History

South Korea
- Name: Chungbuk ; (충북);
- Namesake: Chungbuk
- Builder: STX
- Launched: 23 October 2014
- Commissioned: 26 January 2016
- Identification: Pennant number: FFG-816
- Status: Active

General characteristics
- Class & type: Incheon-class frigate
- Displacement: 2,300 tonnes (2,264 long tons) light; 3,251 tonnes (3,200 long tons) full load;
- Length: 114 m (374 ft)
- Beam: 14 m (46 ft)
- Draft: 4 m (13 ft)
- Propulsion: CODOG; 2 × MTU 12V 1163 TB83 diesel engine; 2 × GE LM2500 gas turbine;
- Speed: 30 knots (56 km/h; 35 mph) (max); 18 knots (33 km/h; 21 mph) (cruising);
- Range: 4,500 nautical miles (8,000 km)
- Complement: 140
- Sensors & processing systems: SPS-550K air search 3D radar; SPG-540K fire control radar; SQS-240K hull-mounted sonar; SAQ-540K EOTS; Naval Shield Integrated Combat Management System;
- Electronic warfare & decoys: LIG Nex1 SLQ-200(V)K Sonata electronic warfare suite; SLQ-261K torpedo acoustic counter measures; KDAGAIE Mk 2 decoy launchers;
- Armament: 1 × 5 inch (127 mm)/L62 caliber Mk 45 Mod 4 naval gun; 1 × 20 mm Phalanx CIWS; 2 × triple torpedo tubes for K745 Blue Shark torpedo; 1 × RAM Block 1 CIWS; 8 × SSM-700K Haeseong Anti-ship Missile in quad configuration; 8 × Haeryong Tactical Land Attack Missile in quad configuration;
- Aircraft carried: Super Lynx or AW159 helicopter
- Aviation facilities: Flight deck and enclosed hangar for one medium-lift helicopter

= ROKS Chungbuk (FFG-816) =

Incheon-class frigate

ROKS Chungbuk (FFG-816) is the fifth ship of the Incheon-class frigate in the Republic of Korea Navy. She is named after the province, Chungbuk.

== Development ==

In the early 1990s, the Korean government plan for the construction of next generation coastal ships named Frigate 2000 was scrapped due to the 1997 Asian financial crisis. But the decommissioning of the destroyers and the aging fleet of Ulsan-class frigates, the plan was revived as the Future Frigate eXperimental, also known as FFX in the early 2000s.
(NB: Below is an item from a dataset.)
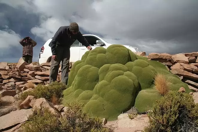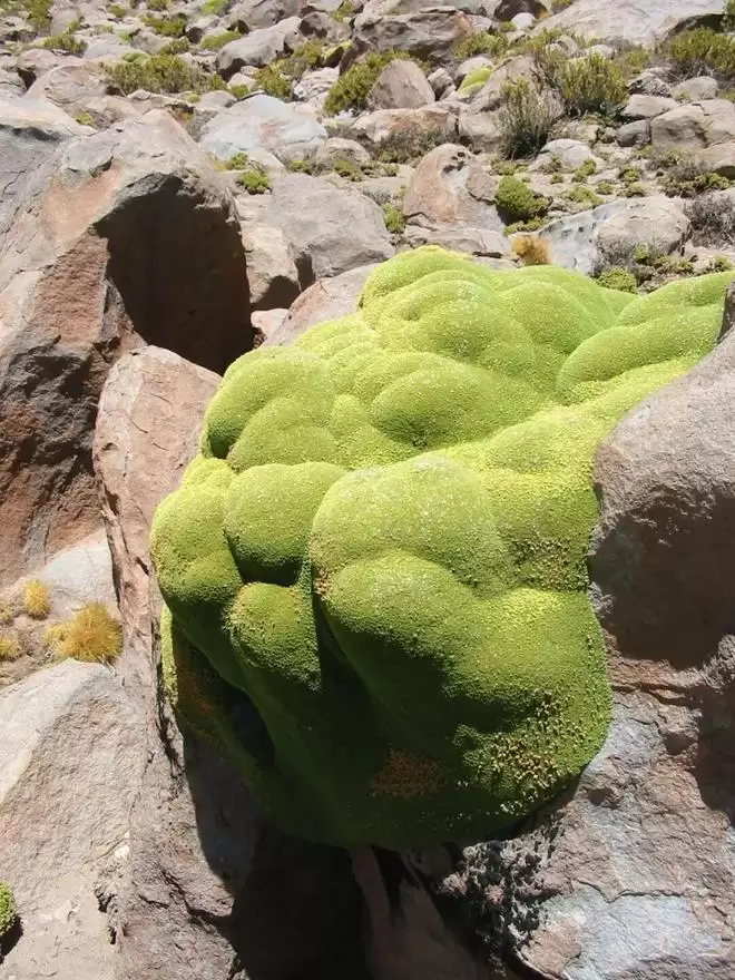 虽然 Azorella compacta 看起来像是一团附着在岩石上的巨大绿色苔藓,甚至像是一块发霉的巨石,但它实际上是伞形科(Apiaceae)的植物。
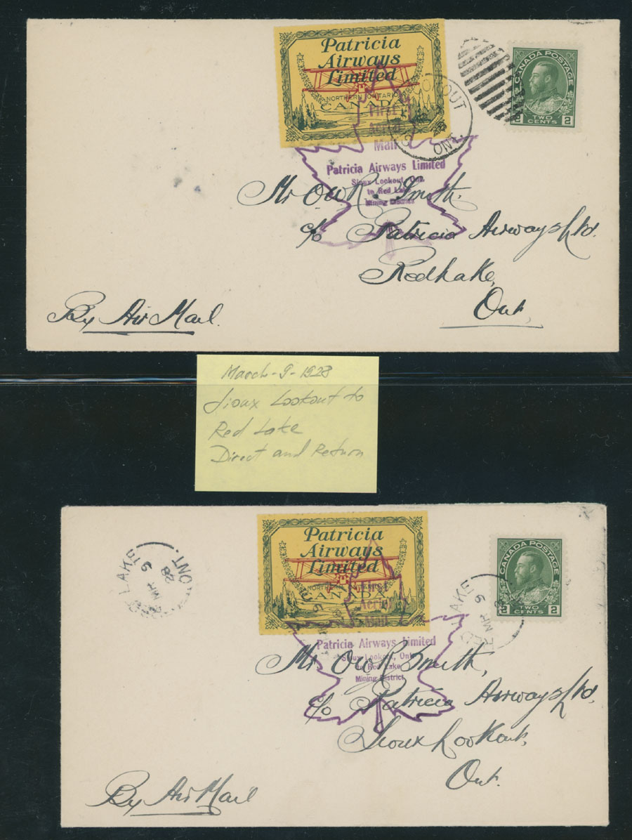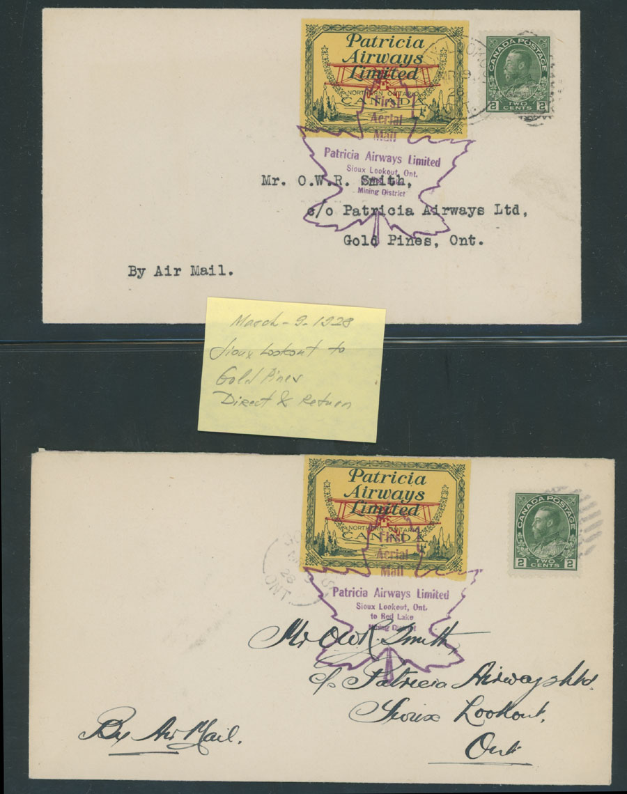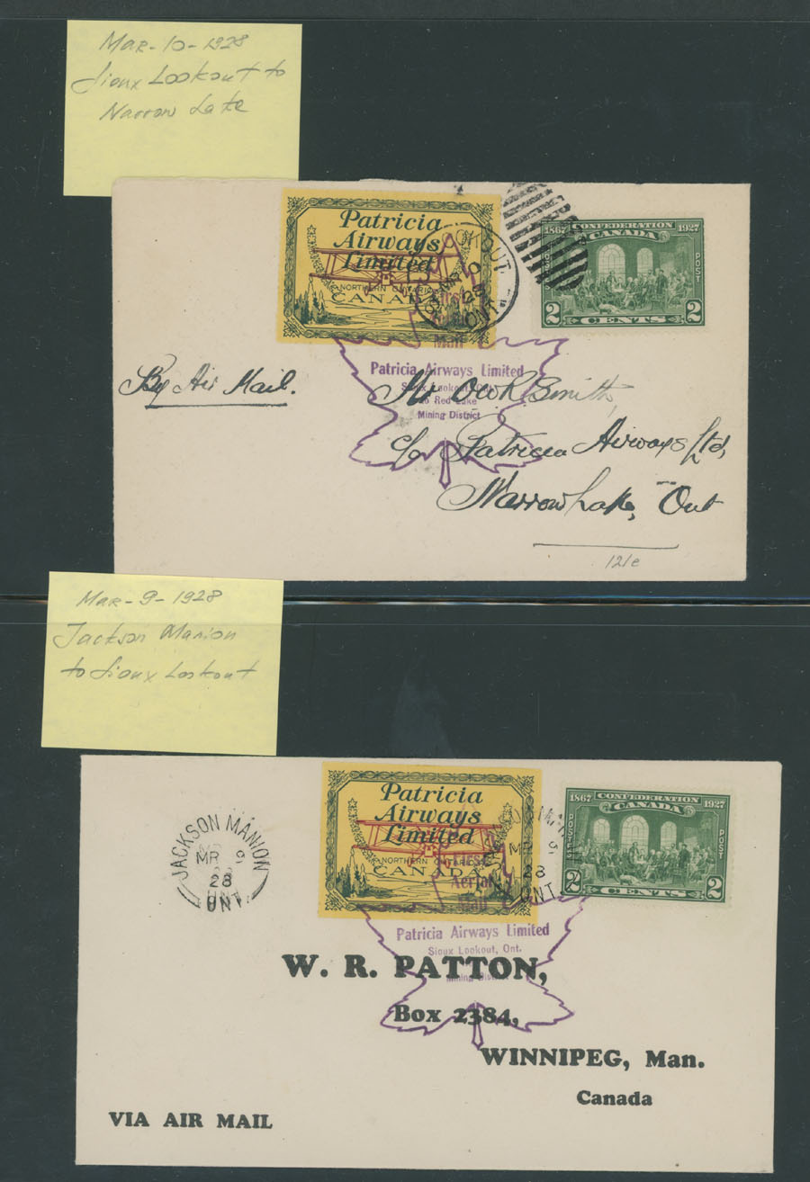 1928 (March 9-10), Patricia Airways Limited, group of 11 different Direct and Return flights from/to Sioux Lookout, itineraries includes Gold Pines, Red Lake, Jackson Manion, Rainbow Lake and etc., franked by 2c postage and bearing (10c) green and red on yellow paper, confirmation marking in violet, all with arrival ds, mostly VF, Unitrade C.v. CAD$1,925, Est. $800-$900, Scott #CL43

The Republic of Korea Navy initially wanted twenty-four 3000 ton frigates to replace the Ulsan, Pohang and -class coastal fleet of 37 ships. It was later decided that six 2700 ton ships will be constructed for the first batch. In 2008, the plan was further downgraded to 2300 tons when president Lee Myung-bak took office, with the number of ships for the first batch down to six. 8 ships are planned for the second batch of FFX with the final goal of 20-22 frigates.

== Construction and career ==
ROKS Gangwon was launched on 12 August 2014 by STX Offshore & Shipbuilding and commissioned in November 2015.

On 21 November 2016, she had an open day visit aboard her for the 75th Anniversary of the Royal New Zealand Navy.